Водоворот такого рода мыслей еще долго клубился в голове, но усталость все же победила, и Учитель закрыл глаза.
* * *
Из полутьмы выплывало лицо умирающей женщины. Прядки светлых кудряшек заслоняли ее лоб до самых бровей. Приоткрытый рот наполняла быстро темнеющая, вспененная кровь. Сильно накрашенные веки раскрывались все шире, глаза стекленели. Грудь, обтянутая ярко-желтой блузкой, застыла на половине хриплого вдоха. От простреленной щеки все еще поднималась струйка дыма.
* * *
Вспотевший Учитель сорвался с постели. Сон как рукой сняло, и вряд ли теперь он вернется, как бы Помнящему ни хотелось иного. Внутри школы царила непроглядная тьма. Такая же стояла и в туннеле. Теперь, после того как убрали грибы, ничто не разгоняло тьму в этой части подземелья. Помнящий нащупал лампу, взвесил ее в руке. «Легкая, весь жир уже выгорел…» Это означало, что проспал он как минимум пять часов.
Он встал.
«Сон не вернется, а если так, то самое время покинуть это место, на этот раз — навсегда».

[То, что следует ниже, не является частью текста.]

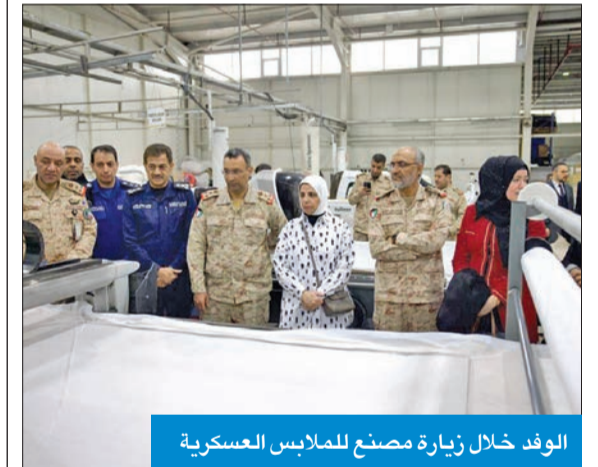
الوفد خلال زيارة مصنع للملابس العسكرية

ضمن إطار التعاون الثنائي العسكري في مجال الصناعة الدفاعية، قام وفد عسكري مشترك من وزارتي الدفاع والدخيلة وقوة الإطفاء العام، برئاسة معاون رئيس الأركان لهيئة الإبراء والقوى البرية، اللواء الركن الدكتور خالد الكندري، بزيارة تركيا. وتخللت الزيارة جولة على عدد من المصانع المتخصصة في إنتاج الملابس العسكرية، للاطلاع والتعرف على الجاهزية

Он разбудил Немого, потом приготовил скромный завтрак. Они съели оставшуюся от ужина прекрасную ветчину из молодого шарика — отчасти, была это награда за предупреждение про неонки, — запили ее несколькими глотками воды тройной фильтрации, которую Учитель пропустил через песок и уголь еще до того, как лег спать, чтобы сделать запас на дорогу.

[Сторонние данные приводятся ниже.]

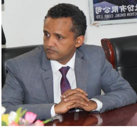
ፕሬዚዳንቱ፤ ለቀዳሚነቱም በየጊዜው በከፍተኛ ደረጃ እየጨመረ ያለው የባንኩ ደንበኞችና ነገር ደንበኞች በታማኝነት መቀጠላቸውን በማሳያነት አንስተዋል።

ባንኩ እስካሁን ድረስ በየጊዜው አሠራሩን እያዘመነ ቀዳሚነቱን አስጠብቆ እየተጓዘ ነው ያሉት ምክትል

По второму разу приготовились они уже лучше, поскольку отправлялись одни, без проводников и шансов на помощь извне. К счастью, визит в Слепую Ветку позволил им добыть немалый запас самой ценной в подземелье валюты. В рюкзаке Немого находились пара десятков новеньких угольных фильтров. Часть из них они используют во время путешествия поверху, а за остальные купят необходимые вещи, информацию и… доброе отношение встреченных по дороге людей. Этой же цели послужит и взятый из бокса Горлума алкоголь — несмотря на искренний и громкий протест Гвоздя. В том числе, была тут почти полная литровка жидкого золота, как называли редкий, как единорог, довоенный виски. Еще две бутылки водки Учитель в эту ночь отдал местным контрабандистам за горстку ценной информации.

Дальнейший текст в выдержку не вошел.